There's a real problem that many people who rely on public transit know — people almost never give up their seats. In most cases, it's first come first served, but as the slightly robotic voices on the intercom often remind us (at least in NYC), you should give up your seat for pregnant women, the elderly, and people with disabilities.
Any decent human also knows that that courtesy extends to children or anyone carrying a baby. Unfortunately, the knowledge that we should give up our seats doesn't always translate into actually giving them up — as a Facebook post from an angry mom shows.
Bryony Esther posted a photo of herself breastfeeding her baby on the train in Essex while standing up because no one on the train offered her their seat. While her baby may seem old enough to not have had to breastfeed at right that moment, her point still stands. Whether she was breastfeeding or not, someone should have given their seat to the woman who was holding a baby.
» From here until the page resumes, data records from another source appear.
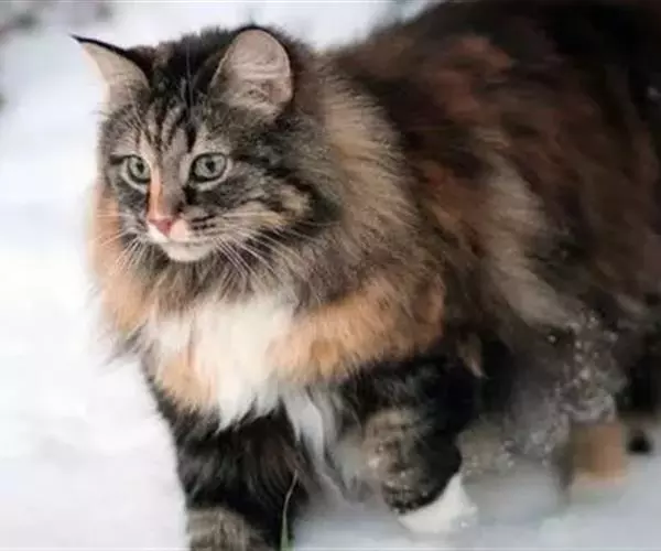 其起源可追溯到古代时期,是13世纪的海盗为了消灭侵扰他们船只的老鼠从小亚细亚(CAUCUS,ANATOLY等)带回的猫繁衍而成。还有一种可能性是由中世纪前迁移到斯堪地那维亚的中欧或亚洲的部落所带来。其它地区迁入的猫当时可能只有适应斯堪地那维亚当地严寒的气候,从而进化出了厚实,双层保温,能对抗严寒气候的被毛。这些猫的体重和体型也已经有所增加。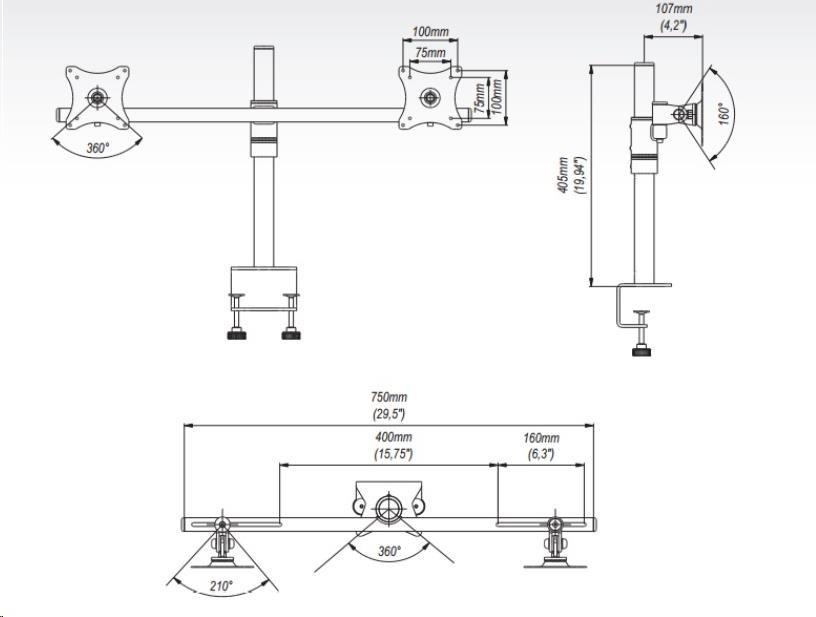 posun obrazovky v osi držiaka - nastavenie vzdialenosti medzi monitormi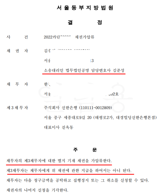 서울동부지방법원은 김준성 변호사의 위 주장을 받아들여 원고 채권가압류 신청 인용 결정을 하였습니다.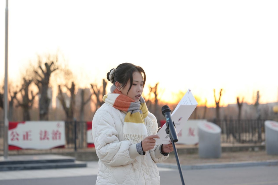 上午7时30分,升旗仪式正式开始。国旗护卫队步伐铿锵,护送五星红旗庄严入场。全体师生肃立,高唱中华人民共和国国歌,注视着鲜艳的国旗冉冉升起,飘扬在晨曦之中。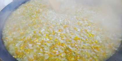 「鶏肉とキャベツのスープ」は、鶏肉、キャベツ、たまねぎ、コーン、にんじん、青みにパセリを使用しています。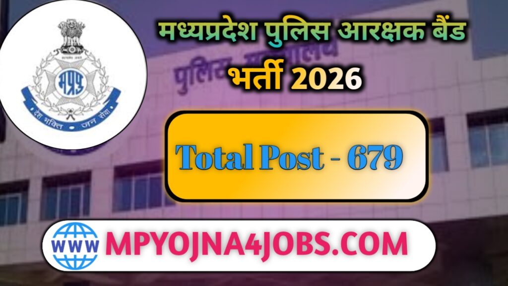 MP Police Constable Band Vacancy 2026- मध्यप्रदेश पुलिस विभाग द्वारा पुलिस आरक्षक बैंड के 679 पदों पर भर्ती के लिए नोटिफिकेशन जारी कर दिया है जिसमें सिर्फ पुरुष उम्मीदवार ही आवेदन कर सकता है , योग्य एवं इच्छुक उम्मीदवार अपना आवेदन ऑनलाइन माध्यम से 05 अप्रैल 2026 से आवेदन की अंतिम तिथि 19 अप्रैल 2026 तक कर सकते है । आवेदन से संबंधित अधिक जानकारी नीचे दी गई है ।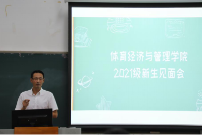 随后,体经公司副经理张丛杉老师着重讲述了本院的课程安排、学科介绍、教学内容等等。此外,张丛杉老师还给新生们提供了许多有用的学习建议,他期望每一位同学能够在未来积极主动地与老师进行交流,吸收有益经验。就课程安排问题来讲,他希望每一位同学都能够合理安排时间,有条不紊的完成学业任务,同时不断充实提升自己。

"Having to stand on a train whilst breastfeeding my baby thanks to the lovely bunch of charmers giving more priority to their suitcases and rolling joints!! It stinks," she wrote on Facebook. "Plus the cyclist with a fancy bike that keeps rolling into me, sat in the disabled seat. Please share because I'd love it if their mothers, girlfriends, and wives get to see how they behave."
Plenty of people have shared. The post has more than 32,000 shares at the time of writing, and while Esther has gotten some flack for calling out people who didn't offer up their seat (mostly men), many people (mostly women) can relate.
As terrible as Esther's experience is, it's not exactly rare. In fact, a pregnant woman in New York actually gave a man a trophy for giving up his seat in March. She was 8 months pregnant and had gone through an earlier pregnancy while riding the NYC subway, and he was the first man to ever give her a seat.
That's appalling. No matter how often the intercom voices remind us to give up our seats or what other (kind of strange) tactics public transportation workers try, it seems that things won't get better until people start being a little more compassionate.